* **TASK DETAILS**
Omit the pictures while printing every entry below exactly as given.

Records from a data source:
---
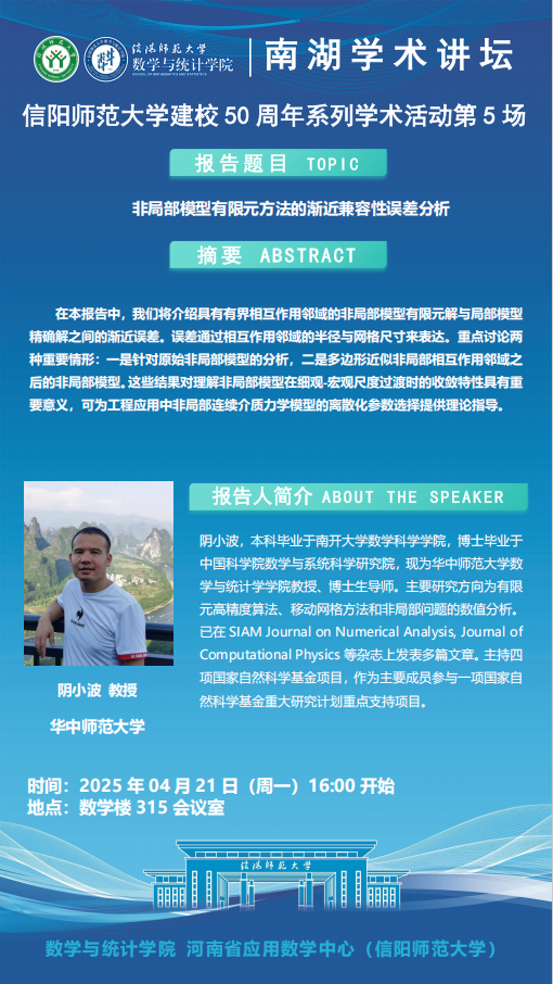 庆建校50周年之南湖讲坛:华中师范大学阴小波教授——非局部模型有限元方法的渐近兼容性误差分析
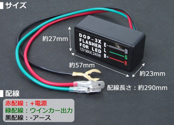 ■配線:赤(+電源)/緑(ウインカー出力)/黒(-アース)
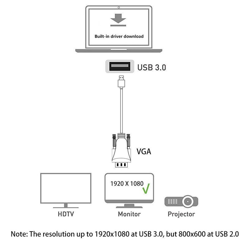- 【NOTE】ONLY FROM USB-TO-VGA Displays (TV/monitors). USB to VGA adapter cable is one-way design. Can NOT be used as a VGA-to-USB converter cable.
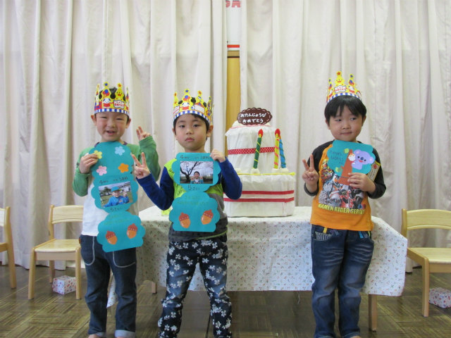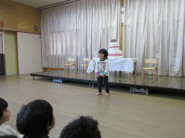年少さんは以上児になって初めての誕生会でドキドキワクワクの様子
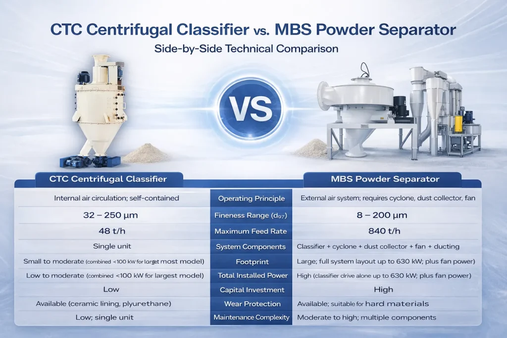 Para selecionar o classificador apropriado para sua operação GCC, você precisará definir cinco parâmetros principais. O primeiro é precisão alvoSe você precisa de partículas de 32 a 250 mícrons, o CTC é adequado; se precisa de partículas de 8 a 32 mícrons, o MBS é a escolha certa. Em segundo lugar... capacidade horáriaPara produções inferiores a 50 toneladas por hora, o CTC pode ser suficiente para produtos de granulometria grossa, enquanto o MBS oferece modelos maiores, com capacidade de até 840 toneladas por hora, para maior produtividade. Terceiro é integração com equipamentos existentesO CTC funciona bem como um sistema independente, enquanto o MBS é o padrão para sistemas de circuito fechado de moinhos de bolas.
---
* **RESPONSE FOR THIS EXERCISE**
 庆建校50周年之南湖讲坛:华中师范大学阴小波教授——非局部模型有限元方法的渐近兼容性误差分析
 ■配線:赤(+電源)/緑(ウインカー出力)/黒(-アース)
- 【NOTE】ONLY FROM USB-TO-VGA Displays (TV/monitors). USB to VGA adapter cable is one-way design. Can NOT be used as a VGA-to-USB converter cable.
年少さんは以上児になって初めての誕生会でドキドキワクワクの様子
 Para selecionar o classificador apropriado para sua operação GCC, você precisará definir cinco parâmetros principais. O primeiro é precisão alvoSe você precisa de partículas de 32 a 250 mícrons, o CTC é adequado; se precisa de partículas de 8 a 32 mícrons, o MBS é a escolha certa. Em segundo lugar... capacidade horáriaPara produções inferiores a 50 toneladas por hora, o CTC pode ser suficiente para produtos de granulometria grossa, enquanto o MBS oferece modelos maiores, com capacidade de até 840 toneladas por hora, para maior produtividade. Terceiro é integração com equipamentos existentesO CTC funciona bem como um sistema independente, enquanto o MBS é o padrão para sistemas de circuito fechado de moinhos de bolas.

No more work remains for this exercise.